他们只想明军暂时退兵,自己离开临安城,其他的就不管了。
天牢里,刘拓正靠在一把太师椅上,翘着二郎腿,手里端着一碗茶,悠闲地看着一本《临安志》。
这间牢房,与其说是牢房,不如说是一间客栈。
地上铺着干净的石板,墙上挂着字画,桌上摆着茶具和果盘,角落里还放着一盆开得正盛的兰花。
床上的被褥是新换的,散发着一股阳光的味道。
自从他被宋国朝廷关进天牢,狱卒们非但没有虐待他,反而把他当祖宗一样供着。
每天好酒好菜地伺候着,想吃什么就点什么,想喝茶就喝茶,想看书就看书,连洗澡水都是烧好了端进来的。

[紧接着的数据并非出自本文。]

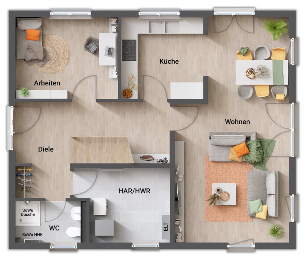 - aufgeräumtes/cleanes Erdgeschoss (Trennung des „technischen“ Bereichs (Hausanschlussraum, WC, Arbeit) vom „gesellschaftlichen“ Bereich (Wohnen, Kochen)

狱卒老张头站在牢房门口,弓着腰,满脸堆笑,活像一只谄媚的老狗。
“刘大人,今天的茶是今年的新龙井,明前采的,您尝尝。”
刘拓抿了一口,点了点头:“不错。你们宋国的茶,确实不错。”
老张头笑得眼睛眯成了一条缝:“大人喜欢就好,喜欢就好。”
刘拓放下茶碗,看了他一眼:“老张头,城外怎么样了?”
老张头左右看了看,压低声音:“刘大人,小的听说......大明的骑兵已经到了北城外了,黑压压的一大片,少说也有好几千人。”

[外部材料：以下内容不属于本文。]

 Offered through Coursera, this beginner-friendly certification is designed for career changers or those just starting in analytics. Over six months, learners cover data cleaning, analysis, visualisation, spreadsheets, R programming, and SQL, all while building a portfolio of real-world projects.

刘拓的嘴角微微上扬,但很快又收了回去:“是吗?那你们宋国的官家太后怎么说?战还是投降?”
老张头的声音更低了,低到几乎只有两个人能听见:“都跑了,听说从南门跑的,扮成逃难的老百姓。
刘拓笑了,那笑容里满是得意和嘲讽。
“天下,迟早是大明的。”
老张头连连点头:“是是是,大人说得是。”
就在这时,牢房外面传来了一阵急促的脚步声。
几个穿着官服的人匆匆忙忙地跑了进来,为首的是礼部的一个郎中。
姓王,四十多岁,圆脸,微胖,平日里在人前总是端着架子,此刻却跑得满头大汗,官服都歪了。
他跑到刘拓面前,深深作了一揖,姿态谦卑到了极点:“刘宣慰,下官礼部郎中王世杰,奉政事堂诸位大人之命,前来请刘宣慰移步政事堂议事。”

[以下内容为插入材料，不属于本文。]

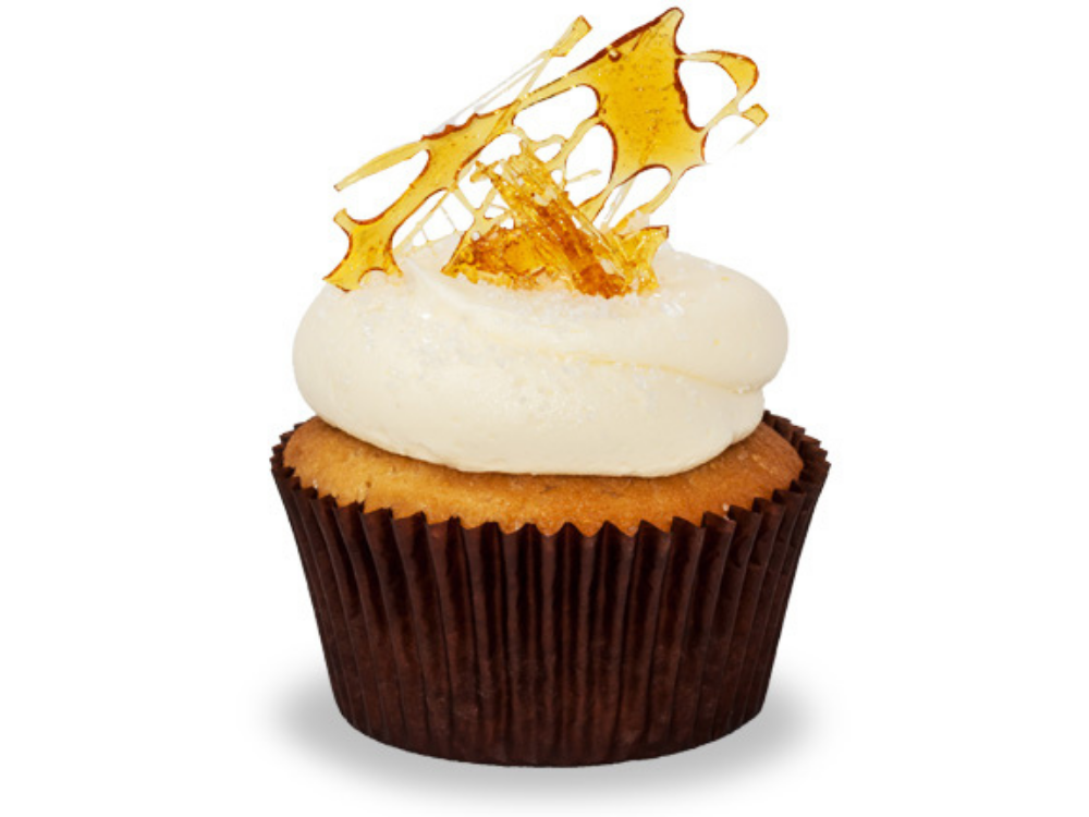 A fresh banana sponge with a rich caramel filling & topped with a light white buttercream & hard toffee piece.

刘拓靠在太师椅上,端着茶碗,不紧不慢地喝了一口,然后放下茶碗,慢悠悠地说:“议事?议什么事?”
王世杰擦了擦额头的汗:“和谈,朝廷想与大明的将军和谈,请您劳累出城走一趟。”
刘拓笑了,站起身来,整了整衣服:“走吧,看来你们宋国的大官,都是识时务的人。